Dataset section =
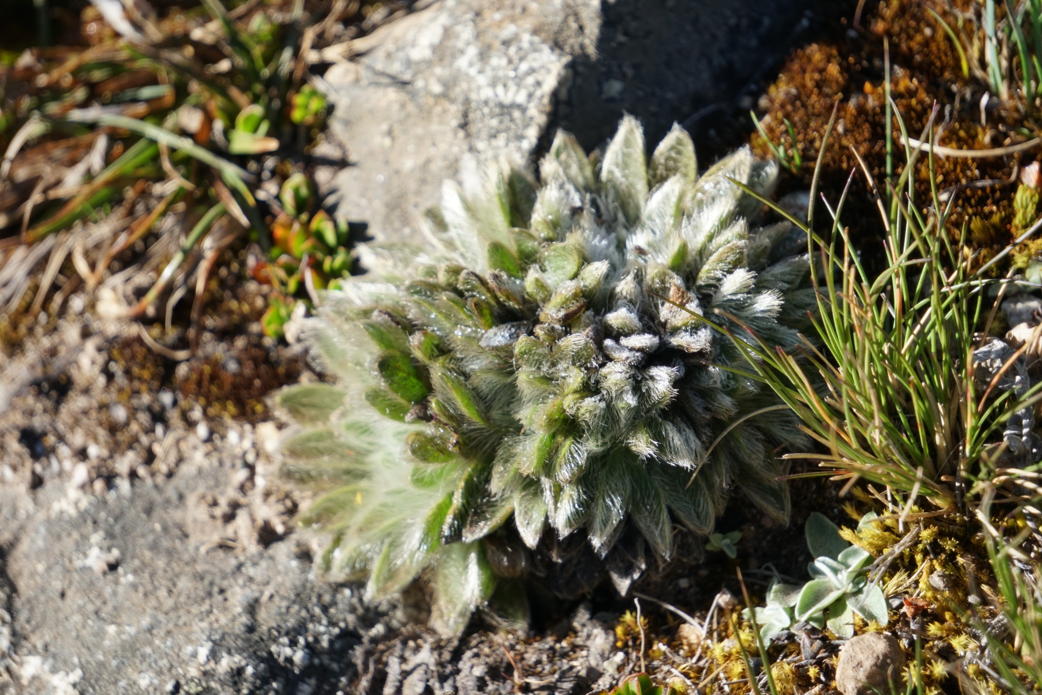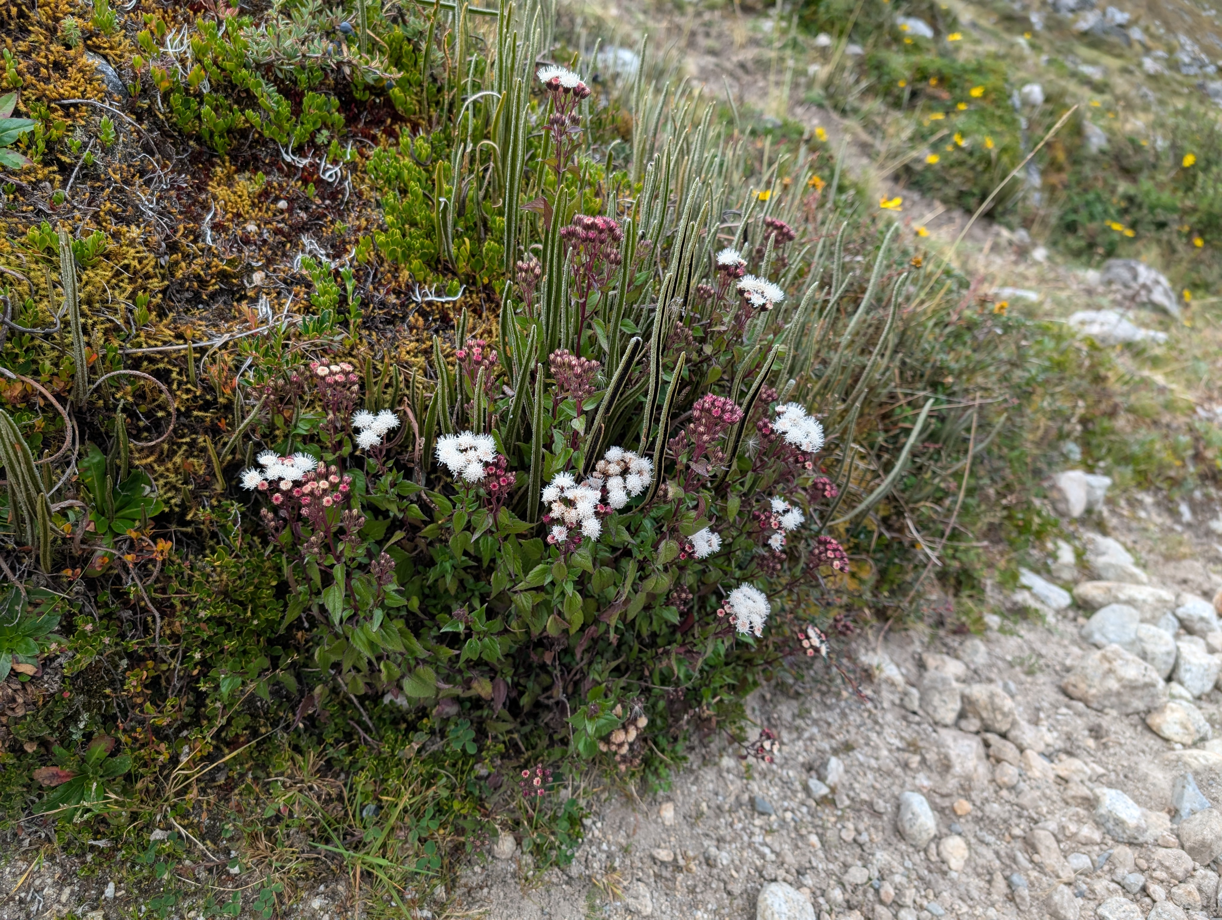 There’s a couple horses near Incachiriaska Pass that aren’t part of our team and their owner is nowhere in sight. The sun turns their manes into lines of liquid gold. Just below the last switchback is this high-altitude plant which ironically is known by two different genus names Senecio and Culcitium. It has these wonderful furry and spongy leaves that I just want to reach out and pet. Unfortunately, the flower stalks are not yet open.
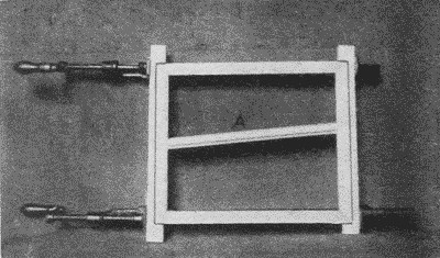 For gluing together at once all the members of a mitered frame, the device shown in Fig. 253 is convenient and is easily made. Out of two pieces of wood somewhat longer than the two end pieces of the frame, gains are cut of the exact length of the ends, as shown in the illustration. By applying two clamps lengthwise on the frame, all four joints may be glued together at once. If the frame does not come up square, it may be squared by means of a temporary brace, A, in Fig. 253.
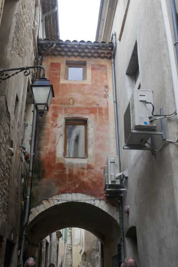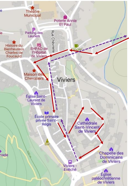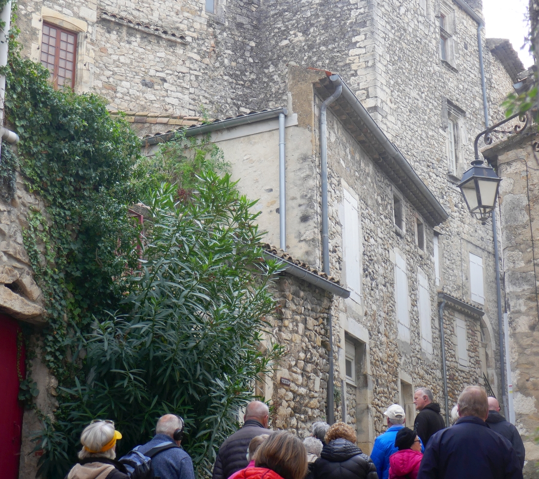Below right is an outline of our morning walk. Climbing the cliff face in the centre of town was not an option so our guide led us off at right angles which took us to the medieval centre of town with our first stop being on a corner where the ‘L’Hopital de Viviers’ was located.

Task goal = I'd like the material duplicated exactly, without its pictures.

Answer space =
 There’s a couple horses near Incachiriaska Pass that aren’t part of our team and their owner is nowhere in sight. The sun turns their manes into lines of liquid gold. Just below the last switchback is this high-altitude plant which ironically is known by two different genus names Senecio and Culcitium. It has these wonderful furry and spongy leaves that I just want to reach out and pet. Unfortunately, the flower stalks are not yet open.
 For gluing together at once all the members of a mitered frame, the device shown in Fig. 253 is convenient and is easily made. Out of two pieces of wood somewhat longer than the two end pieces of the frame, gains are cut of the exact length of the ends, as shown in the illustration. By applying two clamps lengthwise on the frame, all four joints may be glued together at once. If the frame does not come up square, it may be squared by means of a temporary brace, A, in Fig. 253.
Below right is an outline of our morning walk. Climbing the cliff face in the centre of town was not an option so our guide led us off at right angles which took us to the medieval centre of town with our first stop being on a corner where the ‘L’Hopital de Viviers’ was located.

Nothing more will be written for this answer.